When Berlin-born center back John Brooks scored the United States’ winning goal against Ghana, fans watching the game in bars across the US celebrated wildly. I know this because I’ve seen it on YouTube. Videos of American soccer fans wearing replica jerseys and red-white-and-blue scarves as they cheered on the US national team became an Internet sensation after Landon Donovan’s last-minute goal against Algeria in 2010, and a handful of similar clips cropped up the morning after the Ghana game. I love these videos. I happen to think it’s pretty cool that Americans are excited about soccer.
Not everyone agrees with me. American soccer fans are under assault – not by partisans of other American sports who consider soccer slow and boring but, surprisingly, by fellow soccer fans. In a Wall Street Journal op-ed titled “Why I Hate American Soccer Fans,” Jonathan Clegg, a British expat who writes about the New York Giants for a living, calls American fans an intolerable “scourge on my beloved game” and “the most derivative, excessive and utterly ridiculous collection of sports fans on the planet.”
Apparently, Clegg is annoyed that American fans have copied their European peers. He mocks their “self-conscious use of terms like ‘pitch,’ ‘match’ and ‘kit,’” and bemoans the audacity with which they have “pilfered elements of fan culture from Spain, Italy and Latin America.” But in virtually the same breath, he denounces American fans for developing their own idiosyncrasies: for calling penalties “PKs” and fullbacks “outside backs” and for christening Clint Dempsey “Deuce,” rather than calling him by a more authentically British nickname, like “Demps.”
Clegg claims that “one of the joys of soccer is seeing how different cultures view, interpret and celebrate the game in their own distinct ways” – and then he delivers a mean-spirited rebuke of the way Americans view, interpret and celebrate the game. There’s nothing wrong with the hodgepodge of European and Latin American traditions that defines American soccer fandom.

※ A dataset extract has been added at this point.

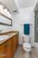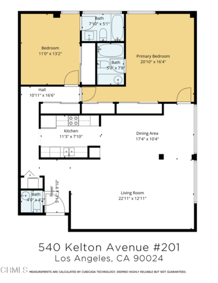Right in the heart of UCLA proud sits this handsome second-floor condo, one of 26 units in a well kept five-story building. The first impression upon entering this corner unit is how expansive it feels, with 9-foot ceilings and open floor plan. The living room/dining room is flooded with natural light from a wall of vinyl, double pane, UV coated, sliding glass picture windows with medium-blade Venetian blinds for privacy. The floor gleams with its wide-plank, wood laminate flooring. There is also classy crown and baseboard molding. The dining area could easily handle six for dinner. There are built-in contemporary wood cabinets. The galley kitchen includes an electric Schott Ceran stovetop and oven, Frigidaire dishwasher, Frigidaire refrigerator, and built-in, stainless steel Frigidaire microwave. There are plenty of contemporary wood cabinets, including a pantry closet. The counters are a sparkly midnight quartz with sea foam, subway glass tile backsplash and a double, stainless steel sink with gooseneck faucet. There are two bedrooms each with their own full bathroom. The master is spacious with plenty of natural light from vinyl, double pane, UV coated windows with medium blade Venetian blinds for privacy. There are not one, but two large closets with large mirror, sliding doors and a ceiling fan/light. The bathroom has sea foam, subway glass tile walls, ceramic tile floor, a granite top vanity, shower over tub, and a Kohler toilet. The second bedroom also has a ceiling fan/light, one large closet with mirror, sliding doors. It's bathroom is fantastically lit by opaque windows. There's a shower over bath, Kohler toilet, a Decolav porcelain basin sink set atop a granite top vanity and ceramic tile flooring. A guest bathroom is situated in the foyer with ceramic tile floor, a Kohler toilet and granite top vanity. The hallway includes a laundry closet with stacked GE washer/dryer, as well as a closet with sliding mirror doors. Each room has a Toshiba portable air conditioner. The condo also includes a spacious storage closet in the basement, a single parking space in a secured garage, outdoor pool and picnic area. HOA fees include water, trash, grounds maintenance and earthquake insurance. Location is near Westwood Village and 405 interstate. Such an ideal condo in an ideal location.

The United States is a nation of immigrants; its soccer culture merely reflects that demographic reality.
ESPN’s superb coverage of the 2014 World Cup is nothing if not multicultural: Alexi Lalas arguing with Roberto Martinez and Michael Ballack, Taylor Twellman commentating alongside Ian Darke. American soccer has plenty of issues – Fox, the MLS schedule, Gus Johnson – but the diversity of its fan culture (and of Jurgen Klinsmann’s World Cup squad) is not one of them.
I suspect that Clegg is nostalgic for pre-Internet soccer – for the days when Germans were Germans and Americans were Americans and players born in Berlin stayed there. The current state of America’s soccer culture epitomizes several important trends that have reshaped the sport over the last decade: the globalization of European super clubs and, by extension, of the traditions associated with their leagues; the Moneyball approach to understanding player performance; even the increasing prominence of women’s soccer. For some people, all this will take a little getting used to. But ultimately these changes, and America’s role in them, are something to celebrate – definitely in a bar, and possibly in front of a video camera.